Chloe came home at 7.5 weeks. I don't think we had any problems. She was due to come home on a Thursday but we asked the breeder if we could get her on the SAT before. My dad wanted to suprise my mom on Valentine's Day. She had no clue they were picking her up a few days early.


----------



## djg2121 (Nov 22, 2015)

Cpc1972 said:


> Chloe came home at 7.5 weeks. I don't think we had any problems. She was due to come home on a Thursday but we asked the breeder if we could get her on the SAT before. My dad wanted to suprise my mom on Valentine's Day. She had no clue they were picking her up a few days early.




I just picked up my puppy at just over 7 weeks. I was reluctant initially too, because all of my other Goldens came home at between 8-10 weeks. 7 weeks actually worked well, because the puppy instantly bonded with me, my wife, and my 2 1/2 year old female that is now quite attached to the puppy and acting very maternally. I don’t know if I’d bring a puppy home that early if I didn’t already have a dog in the house.

















Sent from my iPad using Tapatalk Pro


----------



## nolefan (Nov 6, 2009)

Albus2017 said:


> ....Any advice appreciated - we are first time dog owners...



Some very old school breeders may send puppies home at 7 weeks but there is plenty of research documenting that the benefits of staying longer are very real. They are weaned and may not need the mama but they certainly need the littermates. I would say that this may be a red flag and you might want to double check that you actually have a really good breeder. A good, reputable hobby breeder is really going above and beyond to do everything in their power to do what's best for the puppies they produce. 

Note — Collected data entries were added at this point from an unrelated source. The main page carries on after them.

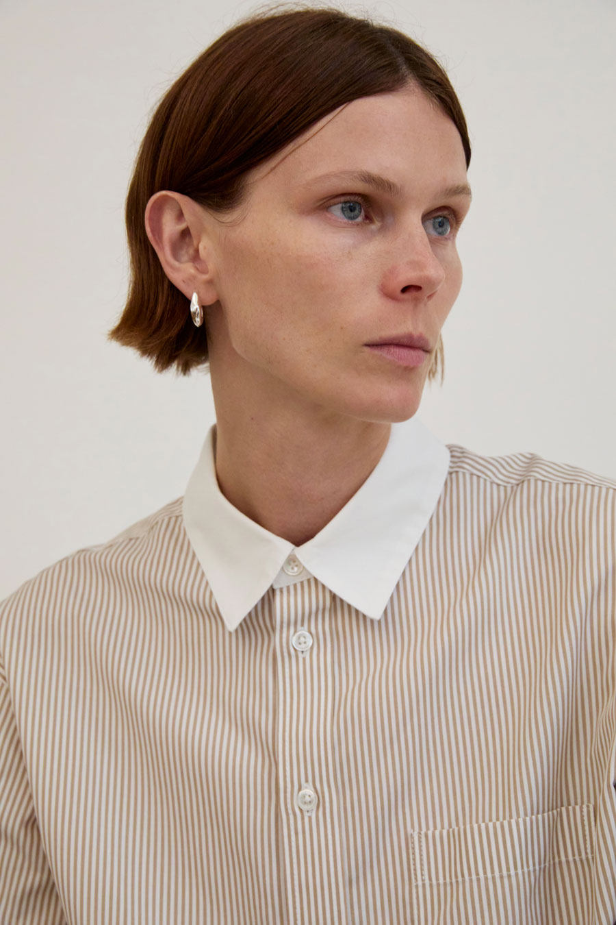 Uniquely shaped hoop that boasts subtle curves in recycled sterling silver. Half-hinged invisible clasp for a seamless appearance. Makes a great gift, too!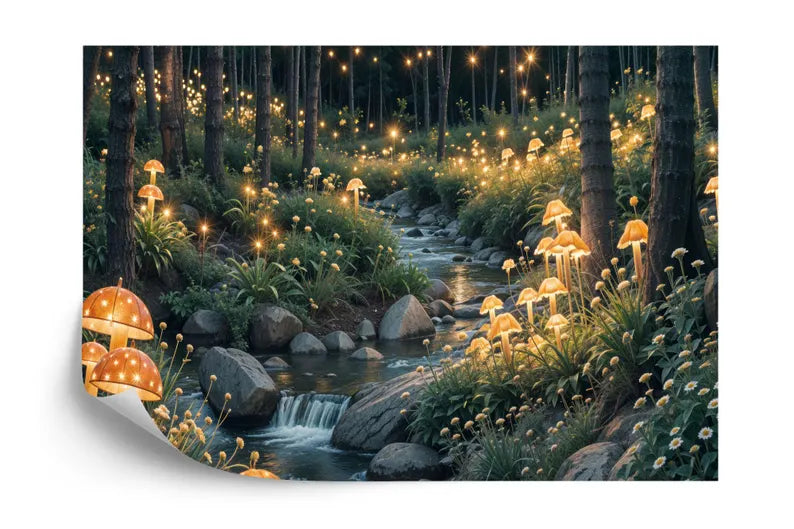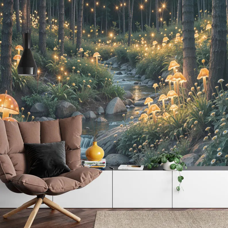 Fairytale Forest Wallpaper Mural, Magical Mushroom Lights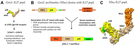 Development of IL-27 chimeric cytokines. (A) Generation 1 (Gen1) of IL-27 (IL27p28 and EBI3 subunits) with pepL at the C-terminus. Antitumor pathways listed briefly summarize the signaling effects reported in [8]. (B) Generation 2 (Gen2) of the IL27.pepL consists of its fusion at the N-terminus to a secreted Nanoluc (Nluc). Shown is the vector evolution of targeted Nanoluc-27 (Nluc-27.pepL). Mouse IL-27elasti fragment from pUNO1-mIL-27(ebi3p28) (InvivoGen) with a 3′ insertion of a sequence-encoding peptide linker (GGGGS) (not shown) followed by the sequence for the targeting peptide (pepL: LSLITRL), lime green; scrambled control (scr1: IRSLTLL), not shown; or irrelevant-peptide control (irrel1: SIFSSHM), not shown. pNLF1-secNluc (Promega) was used as the vector backbone and was linearized using EcoRI. NEBuilders HiFi DNA-assembly cloning kit (#E5520S) was used to generate plasmids with the fusions of Nluc and targeted IL-27-expression vectors. (C) In silico modeling of the final construct of Nluc-27 (I-TASSER) showing the targeting module (pepL) is solvent exposed (lime green).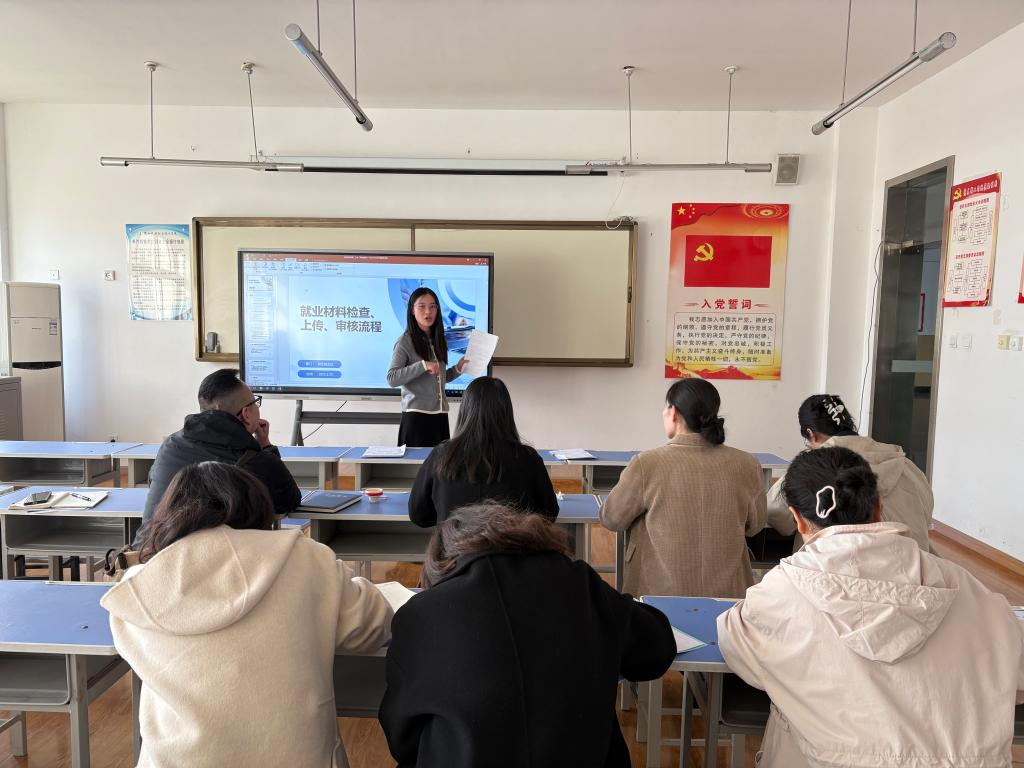 会议最后,公司就业处贺巧珍老师从员工就业材料的填写、上传及注意事项等方面为毕业班班主任老师做了专题培训。

Have you done your due diligence on the breeder as far as health clearances in the pedigree and how they socialize their puppies, are they raised in the house? Does the breeder show or compete with his dogs in some venue? Have they asked you a lot of questions about how you plan to raise and train your puppy? I'd be a lot more concerned that there could be more issues than just sending the puppy home early.


----------



## Albus2017 (Nov 2, 2017)

Thanks everyone! We have agreed to leave it until 8 weeks and will pick him up then. I should have mentioned - we are in the UK so whilst it is legal to send puppies home at 7 weeks, I just wanted to check out any pros or cons. I am happy with the breeder that we've found as a whole - we've seen health certificates etc, we've heard testimonials from people who have had puppies from her previous litter and they have all been raised in the home.


----------